Argentinien blickt auf paraguayischen Weizen als ‚Verbesserungsgetreide‘ angesichts des Qualitätsrückgangs bei der Rekordernte

Angesichts einer Rekordernte von 29,5 Millionen Tonnen in der Saison 2025/26 sieht sich Argentinien mit einem Rückgang der Proteinqualität von Weizen konfrontiert und erwägt Importe des paraguayischen Getreides, das als ‚Verbesserungsgetreide‘ anerkannt ist. Die Capeco warnt, dass die Anbaufläche in Paraguay aufgrund fehlender Rentabilität um 10 % bis 15 % schrumpfen könnte.

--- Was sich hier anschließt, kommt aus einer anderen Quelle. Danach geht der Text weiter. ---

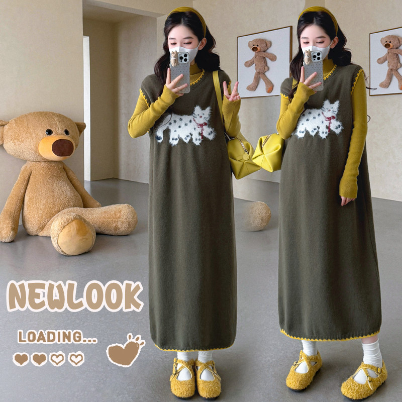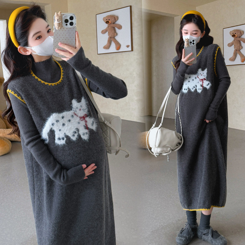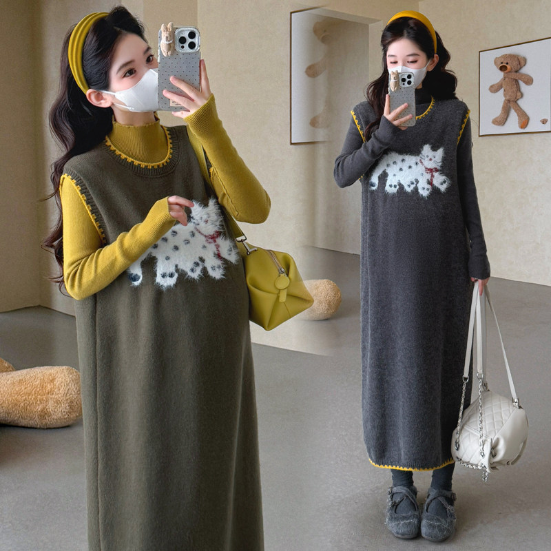 孕妇装秋冬季套装2025新款慵懒风打底衫高级叠穿毛呢背心裙两件套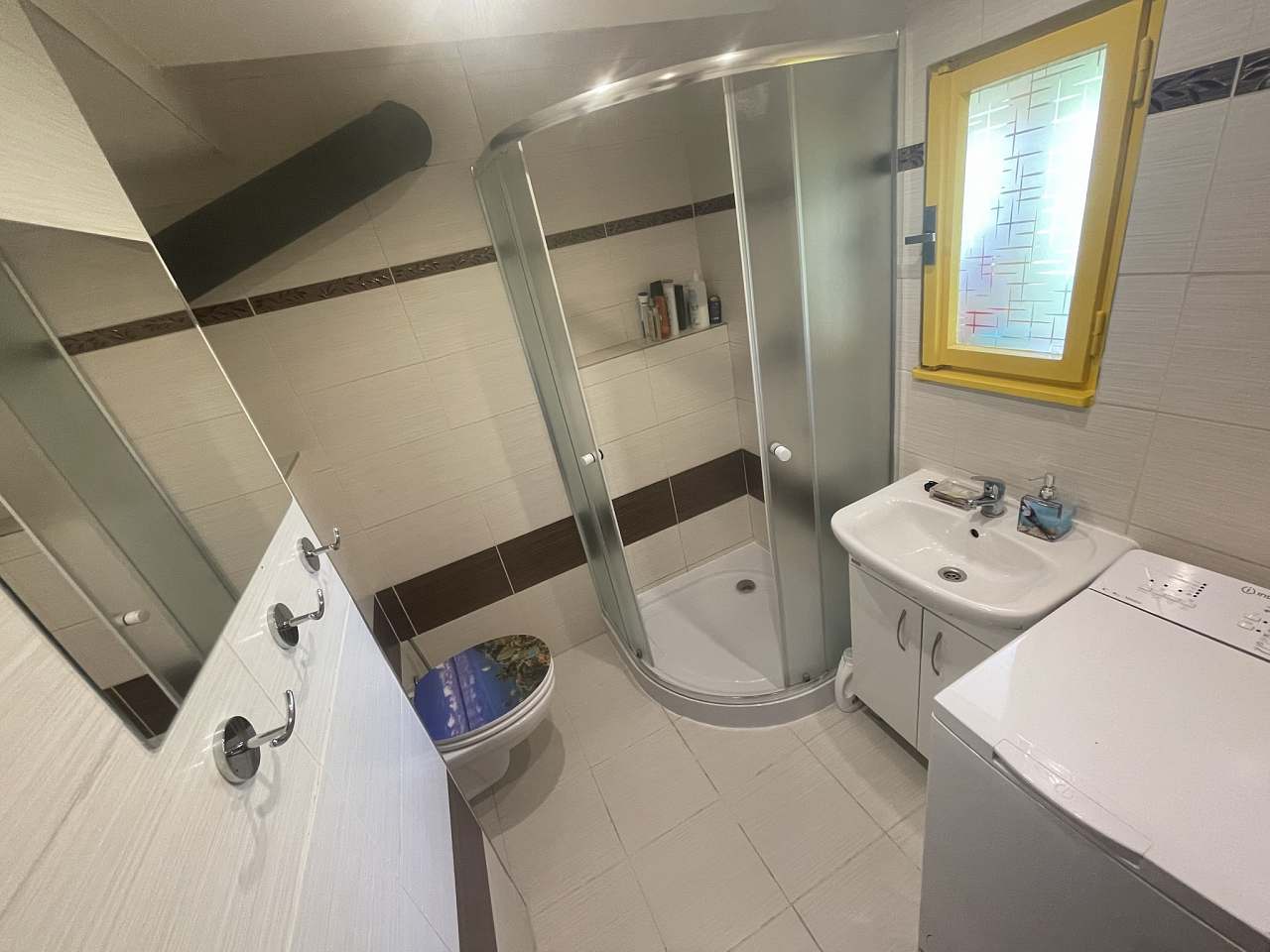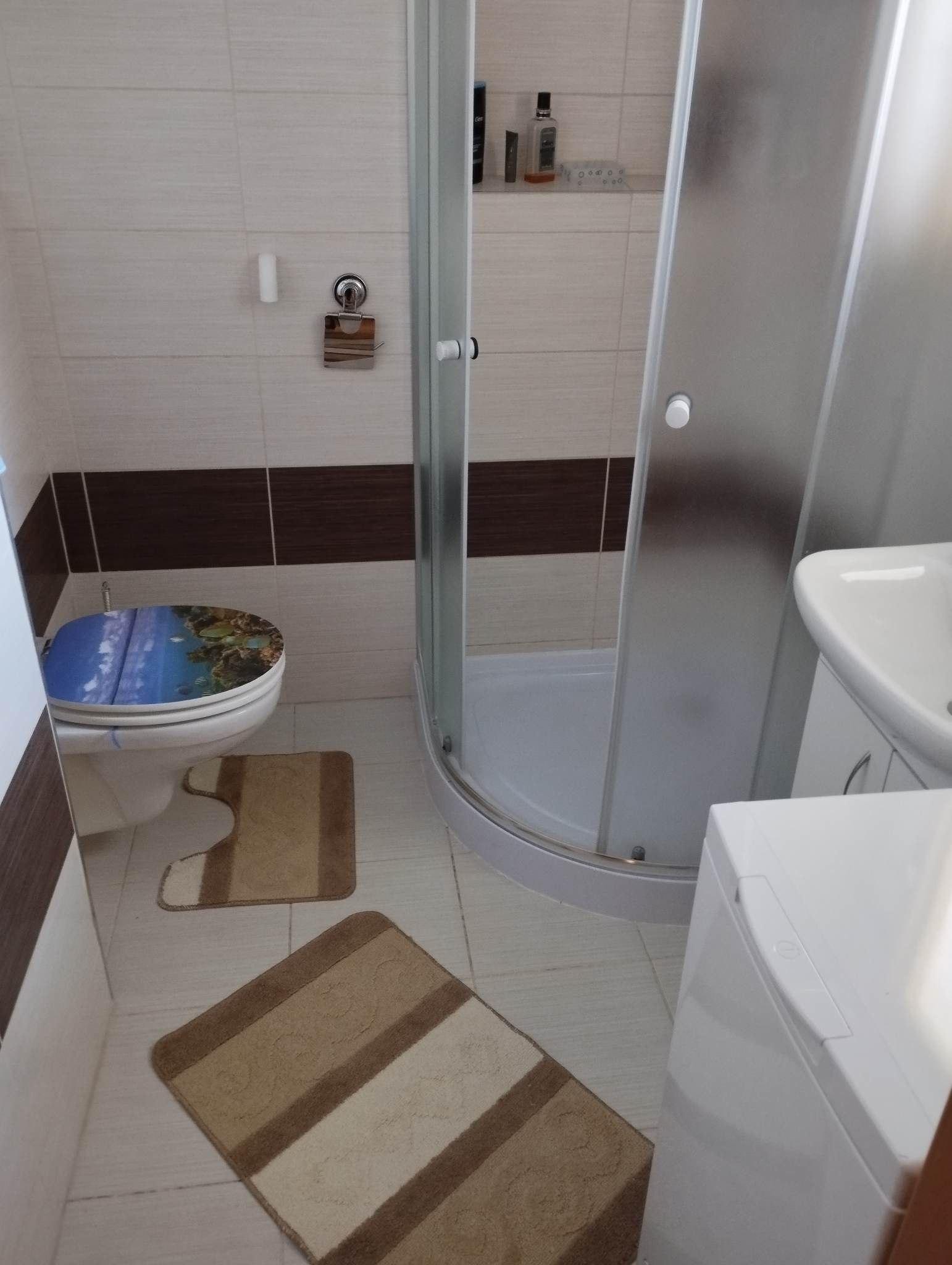 Sociální zařízení se sprchovým koutem a pračkou

Die argentinische Mühlenindustrie erwägt Importe von Weizen aus Paraguay, um die geringe Proteinqualität der Rekordernte von 2025/26 auszugleichen, die laut der Börse von Rosario 29,5 Millionen Tonnen erreichte. Der Direktor der paraguayischen Kammer der Exporteure und Vermarkter von Getreide und Ölsaaten (Capeco), Hugo Pastore, erklärte, dass paraguayischer Weizen aufgrund seines hohen Proteingehalts als ‚Verbesserungsgetreide‘ geschätzt wird, das die Qualität des argentinischen Getreides steigern kann.

Pastore hob das ‚Paradox des Überflusses‘ hervor: Die außergewöhnlich hohe Produktivität habe den Proteingehalt verringert und damit Raum für Importe geschaffen. Er erinnerte daran, dass Brasilien, der Hauptabnehmer von paraguayischem Weizen, diesen ebenfalls als Verbesserungsgetreide einstuft. ‚Argentinien wird wahrscheinlich einen Preis zahlen müssen, der dem Brasiliens entspricht oder besser ist, damit verkauft wird‘, sagte er.

In Paraguay ist die Weizenaussaatkampagne fortgeschritten, aber Pastore schätzt eine Reduzierung der Anbaufläche um 10 % bis 15 % im Vergleich zum vorherigen Zyklus aufgrund der geringen Rentabilität. ‚Die Produktionskosten sind hoch, und die Erzeugerpreise, die von 200 auf 230 US-Dollar pro Tonne gestiegen sind, decken die Ausgaben noch nicht‘, sagte er. Er betonte, dass die Priorität die Versorgung des Inlandsmarktes sei, aber bei günstigen klimatischen Erträgen könne ein Überschuss für den Export vorhanden sein.

Die Capeco warnt, dass die Abhängigkeit von einem einzigen Käufer (Brasilien) riskant sei und die Öffnung des argentinischen Marktes strategisch wäre, sofern die Handelsbedingungen wettbewerbsfähig seien.